Review of unusual patient care experiences is a cornerstone of medical education. Each month, the AQI-AIRS Steering Committee abstracts a patient history submitted to the Anesthesia Incident Reporting System (AIRS) and authors a discussion of the safety and human factors challenges involved. Real-life case histories often include multiple clinical decisions, only some of which can be discussed in the space available. Absence of commentary should not be construed as agreement with the clinical decisions described. Feedback regarding this article can be sent by email to email@example.com.
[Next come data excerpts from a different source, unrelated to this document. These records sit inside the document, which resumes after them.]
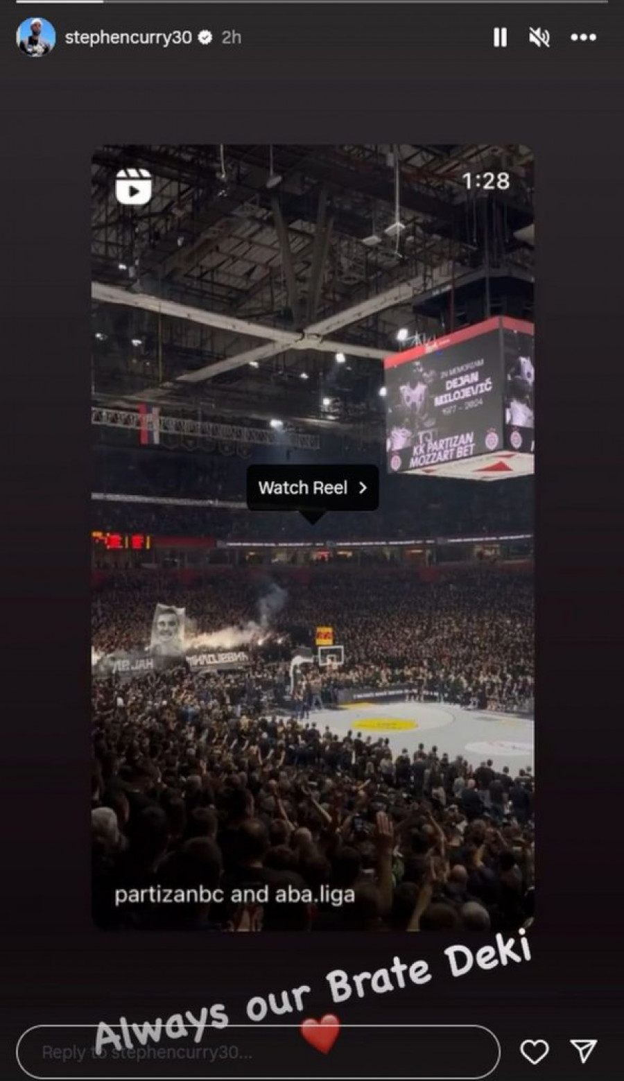 Sjajni plejmejker Golden Stejta putem svog Instagram profila okačio snimak sa utakmice Partizan - Mega i ostavio kratak komentar "zauvek naš brate Deki".
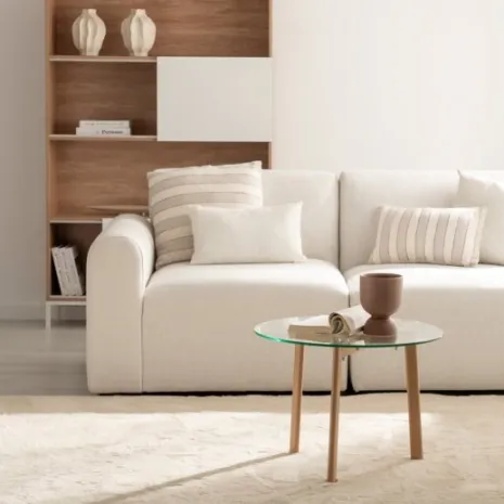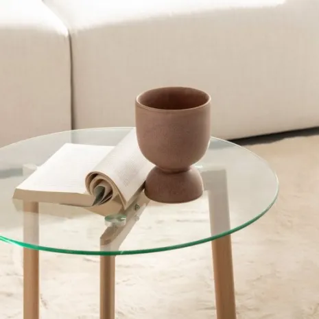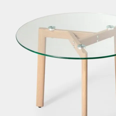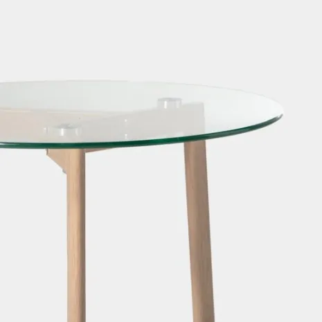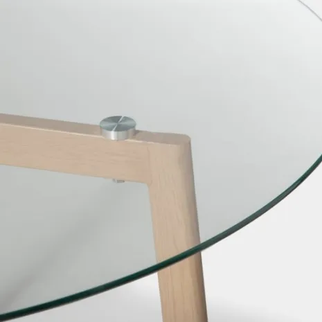 Dale un toque moderno y acogedor a tu salón con la mesa de centro redonda Eyre. Su tablero de vidrio templado y sus patas con acabado natural logran el equilibrio perfecto entre resistencia y estilo. Su diseño sencillo y versátil se adapta fácilmente a cualquier decoración y aporta amplitud al espacio. Combínala con el resto de la colección y crea un ambiente armonioso y elegante.
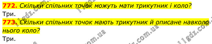 772. Скільки спільних точок можуть мати трикутник і коло? Три. 773. Скільки спільних точок мають трикутник й описане навколо нього коло? Три.
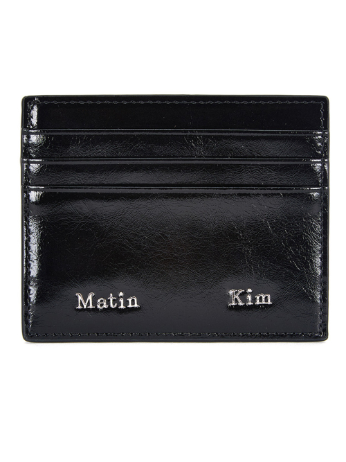 메탈 로고 레터링 장식이 들어간 모던한 디자인의 카드지갑
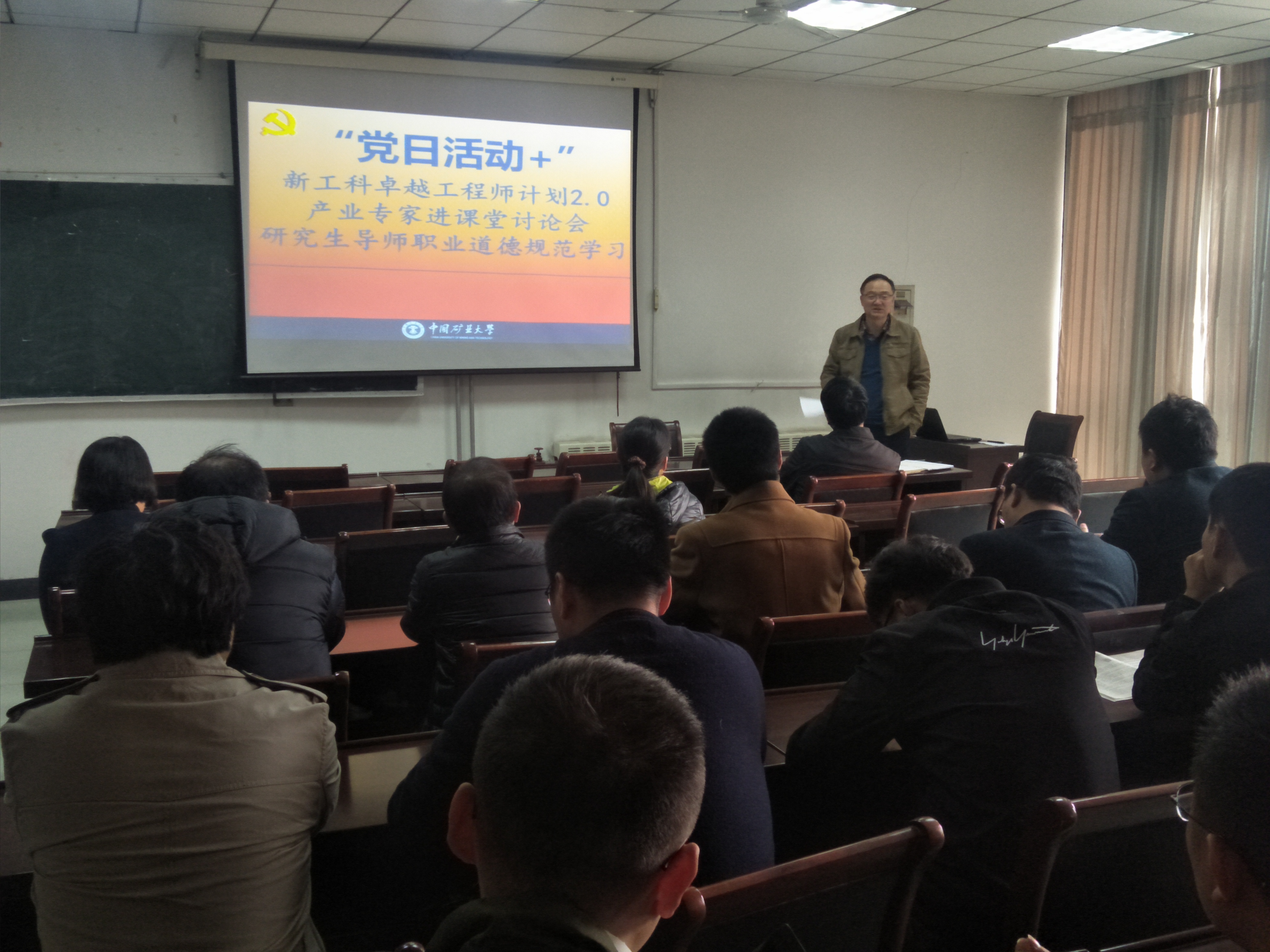 2018年11月14日下午,能动系“党日活动+教学法研讨”系列活动之“党日活动+新工科卓越工程师计划2.0学习会暨产业专家进课堂讨论会暨研究生导师职业道德规范学习会”于能源与动力工程实验中心A311会议室召开。本次会议由电力做爱直播
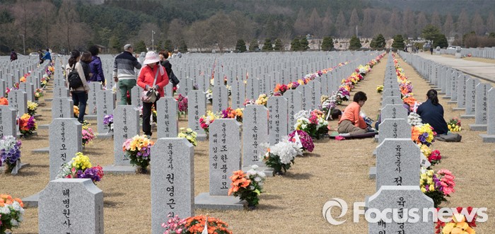 (대전=포커스뉴스) 추석과 함께 민족 4대 명절 중 하나인 한식을 사흘 앞둔 2일 오후 대전 유성구 국립대전현충원에서 시민들이 성묘를 하고 있다.

Report incidents or download the AIRS mobile app at www.aqiairs.org.
Case 2019-04: Water, Water Everywhere
Hysteroscopic procedure with rapid administration of fluid for uterine distention by the Gyn team followed by acute changes in respiratory status (acute drop in oxygen saturation, acute increase in oxygen requirements, rhonchi auscultated in bilateral lung fields). Diuretic administered, and clinical symptoms improved shortly afterward.
Trans-urethral resection of the prostate (TURP) syndrome is a well-described and well-studied complication of irrigation-facilitated cystoscopic surgery. Multiple case reports have also established the risk for TURP syndrome during prolonged or complicated hysteroscopic procedures. Damage to the uterine endothelium in association with intracavitary fluid pressure in excess of central venous pressure facilitates rapid uptake of irrigation fluid, with associated symptoms of acute fluid overload. If electrocautery is being used to perform hysteroscopic biopsies or fibroid ablation, then the irrigating fluid will necessarily be non-ionic (e.g. sorbitol, mannitol or glycine). Rapid absorption of these fluids can also lead to acute electrolyte abnormalities, including profound hyponatremia. There are three components to the pathophysiology of TURP syndrome: absorption and mal-distribution of excess water, hypo-osmolarity and acute hyponatremia. The use of modern, iso-osmolar, irrigating fluids has mitigated one of these risks, but the other two remain.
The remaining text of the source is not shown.